Problem III. Feature Selection (60 points)

Consider the weather.arff dataset that comes with the Weka system. In this problem you will explain how Correlation based Feature Selection (CFS) works on this dataset.

(5 points) Run the CFS filter of Weka on this dataset (using BestFirst as the search method, with default parameters) to determine what attributes are selected. Include the results in your homework solutions.
Looking at the code that implements this CFS filter, as well as its description in the textbook and in class, describe in detail the process followed by CFS:
1. (5 points) What's the initial (sub)set of attributes under consideration? Is forward or backward search used?
2. (25 points) Using the latice of attribute subsets below, show step by step the process that the algorithm follows (i.e., show the search process in detail). For this you can add print instructions to the Weka code so that it tells you the order in which it considers the subsets and the goodness value of each of these subsets. Explain your answer.
3. (25 points) Use the CFS formulas to calculate the goodness of the "best" (sub)set of attributes considered. Show your work.
  
  Figure 7.1 (p.293) taken from the textbook

Problem IV. Dimensionality Reduction (60 points)

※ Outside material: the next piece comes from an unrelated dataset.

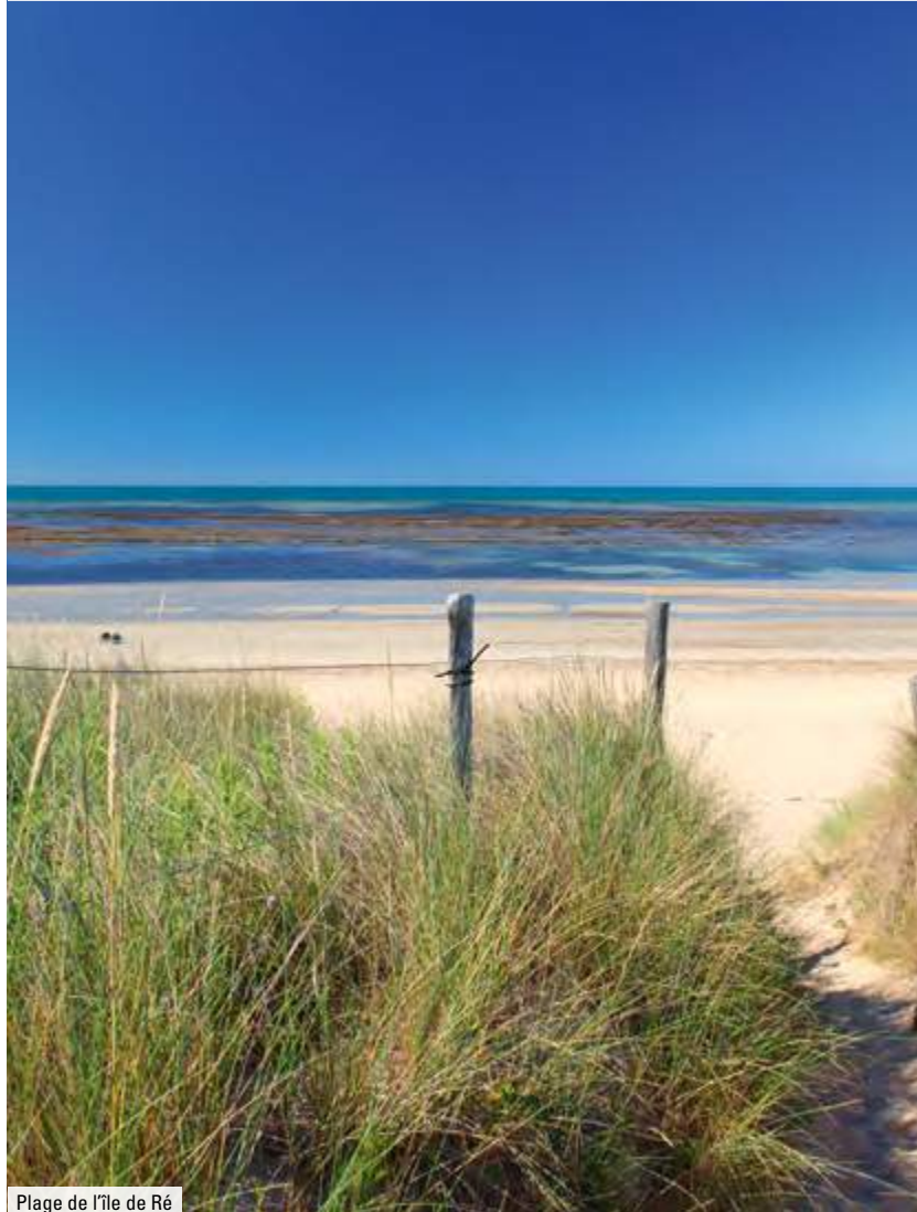
Plage de l'île de Ré

Consider the Iris dataset that comes with the Weka system (iris.arff). In this problem we'll investigate the effects of applying Principal Components Analysis (PCA) to this dataset. The Iris dataset has 4 numeric predictive attributes: sepallength, sepalwidth, petallength, and petalwidth; and a nominal CLASS with 3 possible values: Iris-setosa, Iris-versicolor, and Iris-virginica.

Visualization of the original dataset: Use a software package (e.g., Excel, matlab, ...) that allows you to produce the following plots of this dataset:
- A plot of CLASS as a function of sepallength, sepalwidth, and petallength;
- A plot of CLASS as a function of sepallength, sepalwidth, and petalwidth;
- A plot of CLASS as a function of sepallength, petallength, and petalwidth;
- A plot of CLASS as a function of sepalwidth, petallength, and petalwidth;
Include your plots in your written report (10 points) and describe any obsevations you can make from these plots (10 points).
Dimensionality Reduction: Load the dataset onto Weka and apply PCA (with default parameters) to it. Include in your document the results you obtain together with an explanation of them (15 points).
Visualization of the original dataset: Save the transformed dataset using Weka. Using the visualization tool you used above, construct a plot of CLASS as a function of the two most significant attributes produced by PCA. Include your plot in your written report (10 points) and describe any obsevations you can make from these plots, especially in comparison with the plots of the original dataset (15 points).

Problem V. Data Integration, Data Warehousing and OLAP (60 points)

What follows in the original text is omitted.